Circulating public discourses about mathematics and mathematics learning shape how families and students make sense of their experiences with schooling. In the United States, these discourses can play a large role in how public education policy is developed due to the commitment of public school boards to hearing community voices as well as a recent (but not new) increase in the organization of well-funded conservative parent groups working to maintain–and exacerbate–the inequitable educational opportunities that persist in this country. In this paper we analyze public discourse around mathematics learning in one New York City local school board meeting. Using tools from interaction analysis, we examined the discourse surrounding a proposal to reinstate test-based screening for middle school admissions.

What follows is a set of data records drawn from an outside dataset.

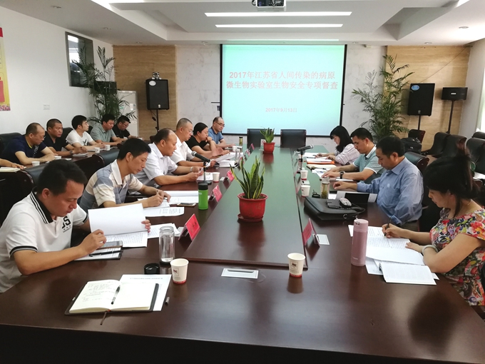 9月13日下午,省卫计委监督处副处长承明华一行4人,在扬州市卫计委副书记王林等人陪同下,对江都疾控人间传染的病原微生物实验室生物安全工作进行了专项督查。
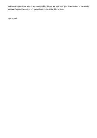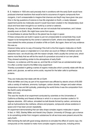 The document discusses experiments that show how organic molecules like amino acids that are fundamental to life could have formed in conditions similar to early Earth or in space. One experiment in the 1950s by Stanley Miller and Harold Urey demonstrated that amino acids and other organic compounds could form by simulating early Earth conditions and subjecting simple molecules like methane and ammonia to electric sparks. A more recent experiment found similar results, showing more complex organic molecules can form when ice mixtures of carbon dioxide, ammonia, and hydrocarbons are bombarded by cosmic rays or electron beams. While the origin of the first organic molecules on Earth is still unknown, these experiments support the possibility that life could have started from compounds formed in space that were delivered
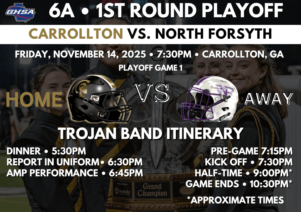 - Friday: Playoffs Round 1 • HOME vs. North Forsyth | Armed Forces Salute and Battle Hymn
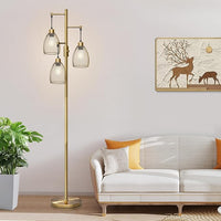 Dimmable Floor Lamp, 3 x 800LM LED Edison Bulbs Included, Farmhouse Industrial Floor Lamp Standing Tree Lamp with Elegant Teardrop Cage Tall Lamps for Living Room Bedroom Office Dining Room-Brass
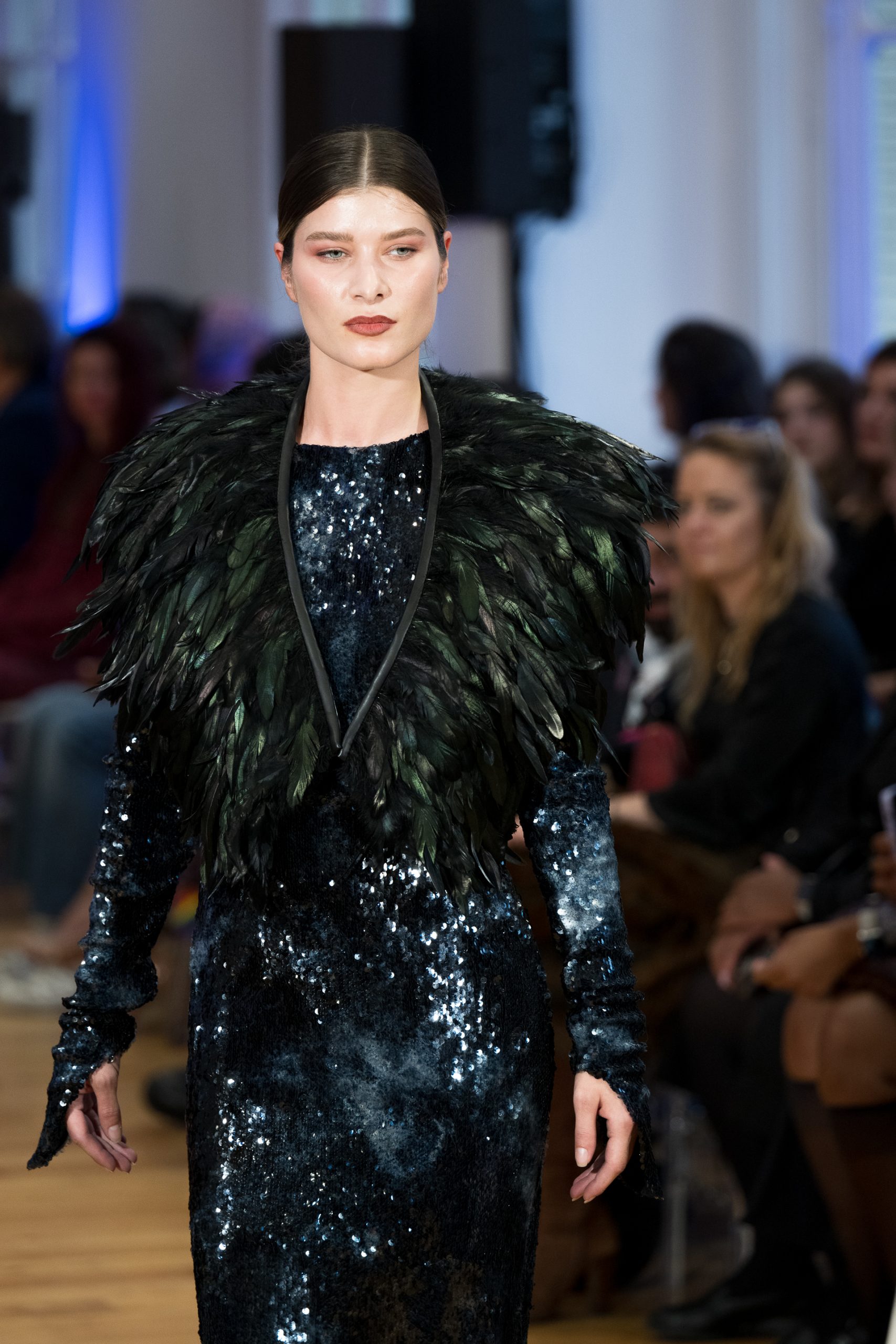 Collar in green and black rooster and ostrich feathers. Handcrafted, lightweight, and elegant. From "The Poison Garden" collection by GAVEL PARIS.

We delineated two key features of “common-sense” assumptions around mathematics learning that circulated in this meeting–math learners stay on a one-dimensional learning trajectory, and with varying rates of advancement–and investigated how these assumptions played out in the construction of a figured world of “schooled mathematics.” We argue that the consequences that necessarily follow from these common-sense assumptions construct mathematics as hierarchical and fixed, placing learners on a one-dimensional learning trajectory.  Finally, we locate this set of emergent assumptions in the neoliberal racial project and consider the ways in which they shape a particular imagination of schooling and mathematics under neoliberalism.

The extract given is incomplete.